Running a suggested Oracle advisor to implement repairs.
You can access the suggested advisor in one of the following ways:
Problem Details page—In the Self-Service tab of the Investigate and Resolve section
Support Workbench Home page—On the Checker Findings subpage
Incident Details page—On the Checker Findings subpage
Table 11-1 lists the advisors that help repair critical errors.
|Advisor||Critical Errors Addressed||See|
Corrupted blocks, corrupted or missing files, and other data failures
SQL Repair Advisor
SQL statement failures
All incidents, whether closed or not, are purged after 30 days. You can disable purging for an incident on the Incident Details page.
Go to the Support Workbench Home page.
Select the desired problem, and then click View.

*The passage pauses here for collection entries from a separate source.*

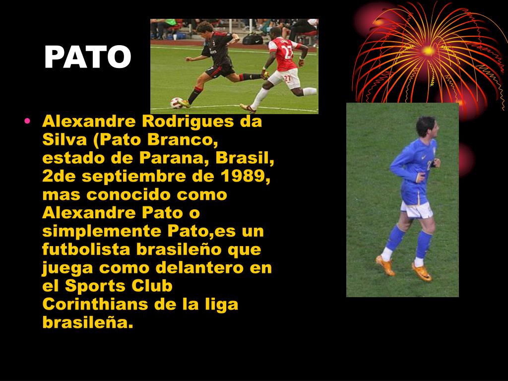 PATO • Alexandre Rodrigues da Silva (Pato Branco, estado de Parana, Brasil, 2de septiembre de 1989, mas conocido como Alexandre Pato o simplemente Pato,es un futbolista brasileño que juega como delantero en el Sports Club Corinthians de la liga brasileña.
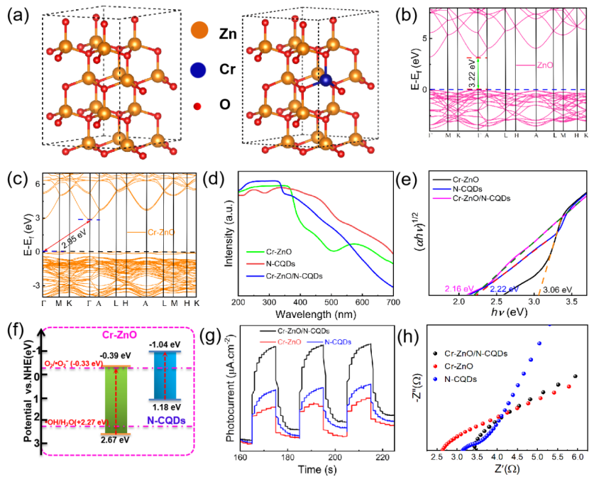 刘璐老师长期致力于绿色、低成本、高效、新型光电催化剂的研发及应用研究,并取得了优异的研究成果。该研究中采用简单的微波法和水热法,制备了光催化剂Cr-ZnO/N-CQDs。Cr-ZnO/N-CQDs不仅有效地提高了光生载流子的分离能力,阻碍了电子—空穴对重组,而且加快了光生电子转移速度,从而提高了光催化能力。该研究为氧化锌光催化剂在能源转换、环境治理等领域的进一步发展奠定了坚实的理论和实践基础。
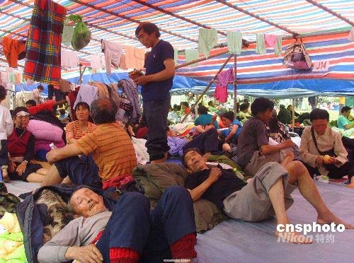 5月17日下午,綿陽市南河體育館災民安置點的災民情緒穩定。中新社發 霍潺 攝
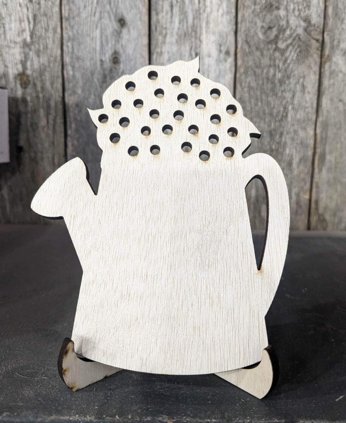 This laser-cut wood piece is designed to hold faux flowers, florals, or greenery, making it perfect for tiered trays, shelves, desks, and paint party projects. The included stand allows it to sit upright, while the watering can shape adds a fun, farmhouse-inspired touch.

The Problem Details page appears.
Select the incidents to close and then click Close.
A confirmation page appears.
Enter an optional comment and then click OK.
Go to the Database Home page in Enterprise Manager.
Click Software and Support to view the Software and Support page.
In the Support section, click Support Workbench.
The Support Workbench home page appears, showing the Problems subpage. By default the problems from the last 24 hours are displayed.
To view all problems, select All from the View list.
(Optional) If the Performance and Critical Error section is hidden, click the Show/Hide icon adjacent to the section heading to show the section.
This section enables you to view any correlation between performance changes for your database and incident occurrences.
(Optional) Under the Details column, click Show to display a list of all incidents for a problem, and then click an incident ID to display the Incident Details page.
On the Support Workbench home page, select the problem, and then click View.
The Problem Details page appears, showing the Incidents subpage.
(Optional) To view details for an incident, select the incident, and then click View.
The Incident Details page appears.
(Optional) To view checker findings for the incident, on the Incident Details page, click Checker Findings.
The Checker Findings subpage appears.
(Optional) On the Incident Details page, to view the user actions that are available to you for the incident, click Additional Diagnostics. Each user action provides a way for you to gather additional diagnostics for the incident or its problem.